Beim Festakt zum 79. Jahrestag der Befreiung des KZ Flossenbürg, der am 21. April stattfand, hat Prof. Christoph Binninger, Ökumenebeauftragter des Bistums, im Namen von Bischof Rudolf Voderholzer ein Grußwort verlesen, welches Sie hier im Wortlaut nachlesen können.

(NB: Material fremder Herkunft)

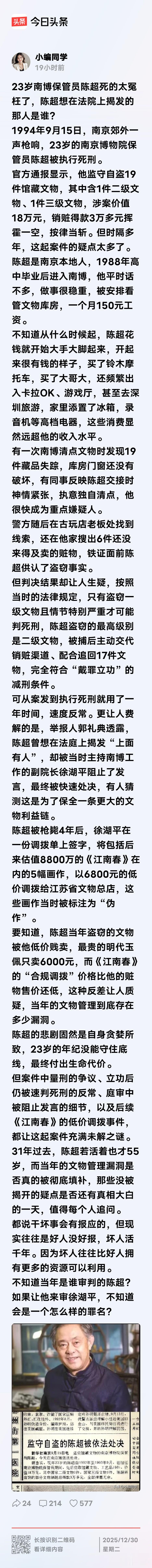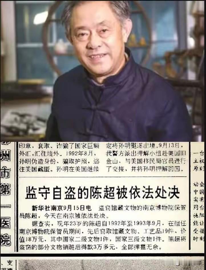 徐湖平之前,早在1994年,南京博物院还发生过保管员偷盗文物的事情,以前真没有听说过,偷盗文物的这个人叫陈超,后来被判处了死刑,在他偷盗文物的时候,徐湖平在南京博物院担任副院长,把这个事联系起来后发现,这里面的情节有些扑朔迷离,很是复杂!

Liebe Schwestern und Brüder im Herrn,

ein unbekannter Häftling des KZ Auschwitz hinterließ folgende Zeilen uns zur Mahnung:

„Vergesst uns nicht, wenn wir auch nimmer wiederkehren,

wenn, wo wir starben, kein Holzkreuz steht,

und, wenn von all dem Leid, das wir getragen,

kein Laut noch und kein Stöhnen aus den Gruben weht.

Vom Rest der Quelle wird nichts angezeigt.